When he wakes up, Travis feels like he has just had a nap, and expects everyone and everything to be exactly the same as it was. Unfortunately, everyone else has had five years to grieve and get on with their lives. A lot has changed.

This book doesn't have a lot of action. It doesn't have adventure in a traditional sense. It's just the story of a sixteen year old boy, trying to make sense of a life where everything has changed overnight. I don't think this is a problem, but I can see that this will deter some readers. 

At times I wanted the story to move more quickly. There were also times when I wanted to challenge the science and got caught up imagining the real issues that might ensue from such an endeavour. 

But here's the thing, in spite of how bizarre this scenario is, Whaley made me believe in it. 

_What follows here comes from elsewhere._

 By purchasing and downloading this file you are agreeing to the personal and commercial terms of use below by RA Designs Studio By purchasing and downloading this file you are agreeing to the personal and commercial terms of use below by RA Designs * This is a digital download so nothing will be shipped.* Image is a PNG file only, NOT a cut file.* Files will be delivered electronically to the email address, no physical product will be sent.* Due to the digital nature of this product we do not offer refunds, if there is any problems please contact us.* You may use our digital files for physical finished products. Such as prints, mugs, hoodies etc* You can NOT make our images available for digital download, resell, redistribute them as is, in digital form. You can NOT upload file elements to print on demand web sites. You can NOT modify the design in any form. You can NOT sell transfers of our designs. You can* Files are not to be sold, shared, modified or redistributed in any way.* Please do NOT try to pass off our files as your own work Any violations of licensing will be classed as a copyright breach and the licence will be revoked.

Change happens to all of us. 
Adolescence is challenging at the best of times. We are forced to deal with a body that sometimes doesn't feel like our own. Relationships with friends and family evolve, mature and sometimes, disappear. 
Then we grow up, move away from our homes, and come back to find ourselves and the people we knew changed again. 
Sometimes change is more profound. A close friend of mine had a traumatic brain injury. As she adjusted she confided, "It's like you wake up one day to find the world is completely different, and you are a not the person you were before." 
All of this is Travis Coates' experience. So while this scenario is fantastic, what Travis has to deal with is almost ordinary. 

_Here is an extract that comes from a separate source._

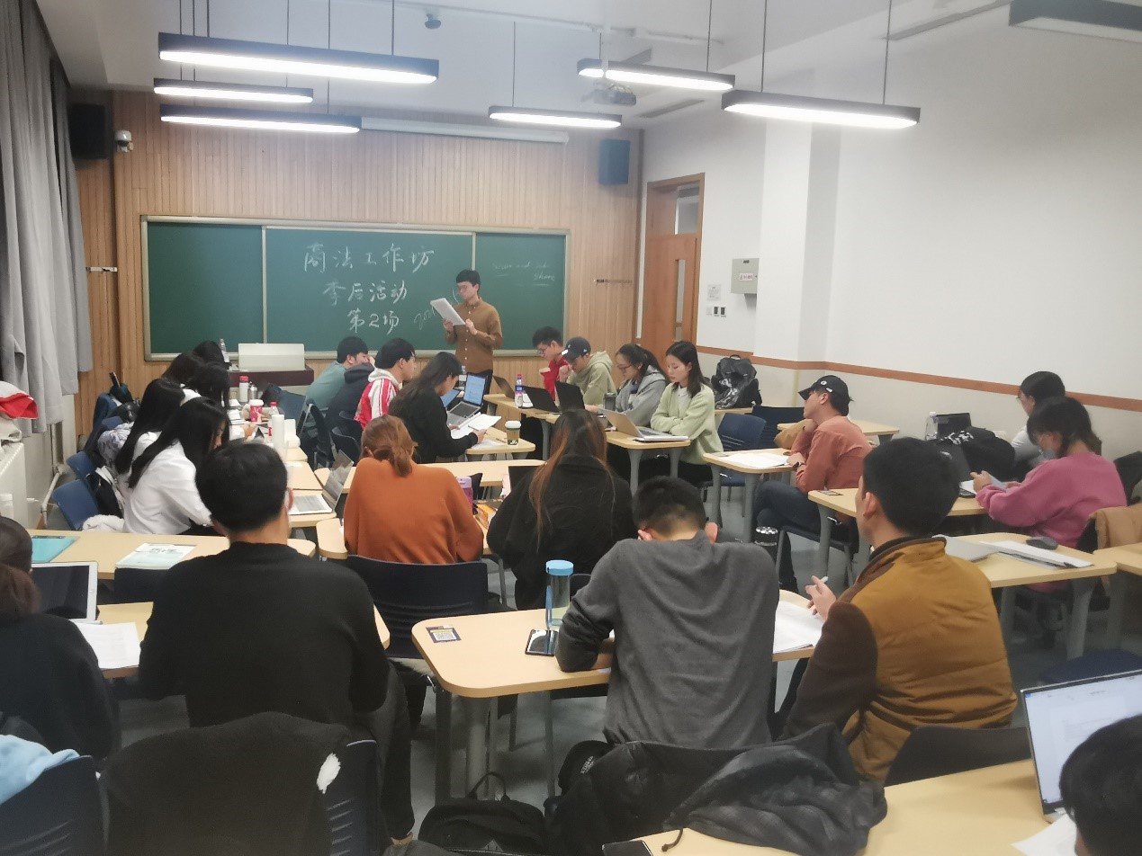 2021年11月25日晚上7点,商法学研究工作坊2021年季后活动第2场在公司南路校区主教115教室举行。商法研究团队2020级研究生崔安南、侯涵斌、郑岩、蔡晓灵,2021级研究生符大卿、林晟、马晟、孙呈玥、王天琦、黄凯旋以及20余名tyc122cc太阳成集团员工参加了本次研讨活动。本次活动由商法工作坊指导老师周游副教授主持。

Whaley's gift is in his ability to create characters so real you can imagine them living next door to you. I came to care deeply for them. Their interactions with each other feel natural and reasonable. This is how people are with each other. Whaley made me believe so truly in them, that all my other quibbles with the book are irrelevant. 

The power in Whaley's writing in Noggin, is that it puts the reader in the position where we are forced to think more deeply about the ordinariness of our own lives. We can't help but come out the other side without a shift in our awareness. 

Maybe the word for how I feel is transformed.